First Nations Health Authority
- Type: British Columbia Health Authority
- CEO-Interim: Richard Jock
- Website: www.fnha.ca

= First Nations Health Authority =

Canadian health service delivery organization

The First Nations Health Authority (FNHA) is a health service delivery organization responsible for administering a variety of health programs and service for First Nations people living in British Columbia (BC).

==Overview==
The FNHA is part of a First Nations Health Governance Structure in BC that includes the First Nations Health Council and First Nations Health Directors Association. The First Nations Health Authority emerged from a number of Tripartite agreements between First Nations in BC, the Province of BC, and the Government of Canada that included the Transformative Change Accord: First Nations Health Plan, Tripartite First Nations Health Plan [2007], and the Tripartite Framework Agreement on First Nations Health Governance.
A first for Canada, the FNHA is the first province-wide First Nations Health Authority in Canada. The FNHA plans, designs, manages and funds the delivery of First Nations health programs and services in BC. These community-based services are largely focused on health promotion and disease prevention – such as:
- Primary Care Services
- Mental Health and Addictions Programming
- Health Infrastructure
- Environmental Health and Research
- Non-Insured Health Benefits

The FNHA strives to improve First Nations health outcomes and close the gaps that exist between First Nations people in BC and the rest of the provincial population. The FNHA serves both the urban and rural First Nations population that includes 203 communities throughout the province.

On October 1, 2013, the FNHA completed the second phase transfer of federal programs and services from Health Canada.

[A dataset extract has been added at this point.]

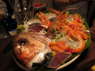 | 刺身の盛り合わせになぜにエビだけ熱入れたのか不思議の巻。 | ||

==Drinking water advisories==
Drinking water advisories include Boil Water Advisory (BWA), Do Not Consume (DNC), and Do Not Use (DNU) are put in place by the FNHA's Environmental Public Health Services (EPHS).
FNHA in British Columbia monitors 285 community water systems in 193 First Nations in British Columbia. In 2011, 11 long term advisories that had lasted longer than 12 months, were lifted. In 2016 and in 2017, 7 long term advisories were lifted. By January 31, 2019 there were 10 Drinking Water Advisories in effect across 8 First Nation communities.